_Assignment_
The copy you produce must hold every record exactly, and none of the images.

-- -- --

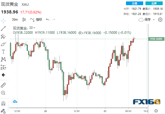 (现货黄金30分钟走势图,来源:FX168)
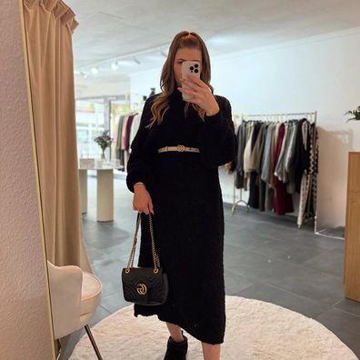 Strickkleid Damen Langes Kleid JANA schwarz Onesize XS-XL langarm Damenkleid Frau
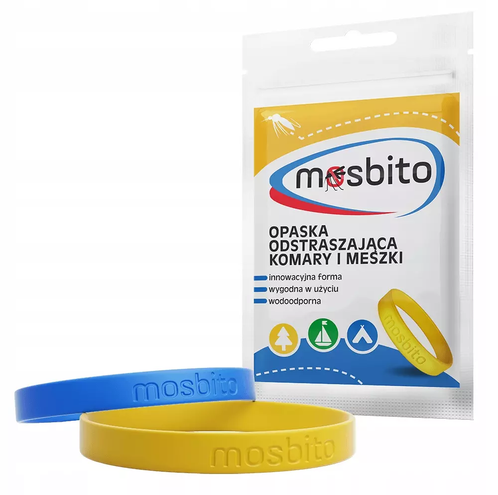 Silikonowa opaska na nadgarstek nasączona geraniolem, którego zapach skutecznie odstrasza komary i meszki.
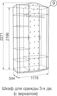 Шкаф для одежды 3-х дверный (с зеркалом) №9
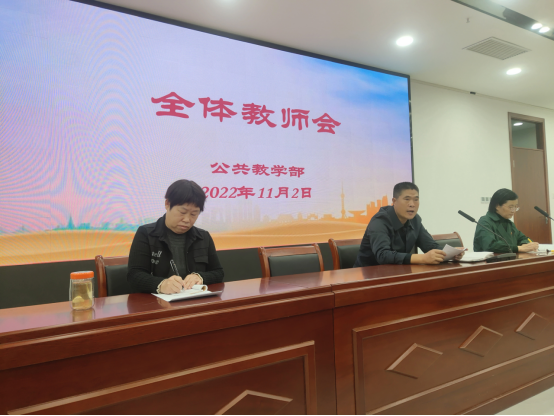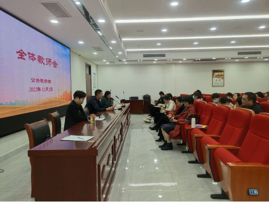11月2日周三下午3点,太阳成集团tyc33455ccww在仲景文化中心7楼会议室召开全体教师会议。公教部主任马纪伟做重要讲话,副主任夏曼主持会议,副主任王云霞安排期中教学检查工作,部门全体教师参加会议。
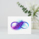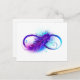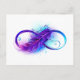 Infinity symbol with a beautiful feather painted in purple and blue bright colours on white background.
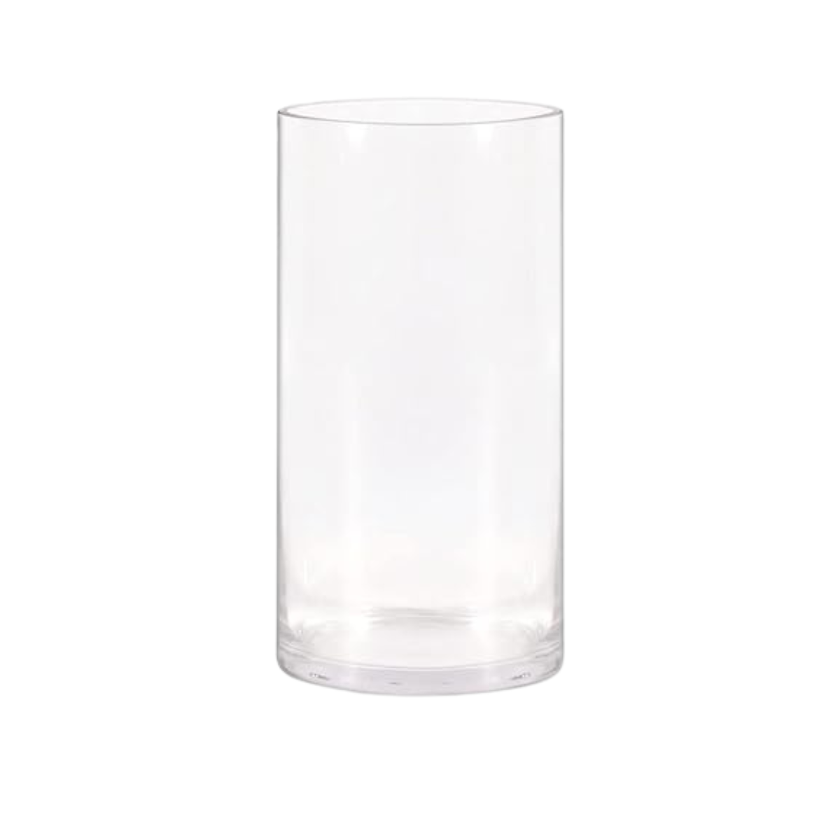 This clear glass cylinder vase features straight-sided design with flat base and crystal-clear transparency, providing versatile modern elegance for floral arrangements, floating candles, and sophisticated centerpieces.

-- -- --

_Expected answer_
 (现货黄金30分钟走势图,来源:FX168)
 Strickkleid Damen Langes Kleid JANA schwarz Onesize XS-XL langarm Damenkleid Frau
 Silikonowa opaska na nadgarstek nasączona geraniolem, którego zapach skutecznie odstrasza komary i meszki.
 Шкаф для одежды 3-х дверный (с зеркалом) №9
11月2日周三下午3点,太阳成集团tyc33455ccww在仲景文化中心7楼会议室召开全体教师会议。公教部主任马纪伟做重要讲话,副主任夏曼主持会议,副主任王云霞安排期中教学检查工作,部门全体教师参加会议。
 Infinity symbol with a beautiful feather painted in purple and blue bright colours on white background.
 This clear glass cylinder vase features straight-sided design with flat base and crystal-clear transparency, providing versatile modern elegance for floral arrangements, floating candles, and sophisticated centerpieces.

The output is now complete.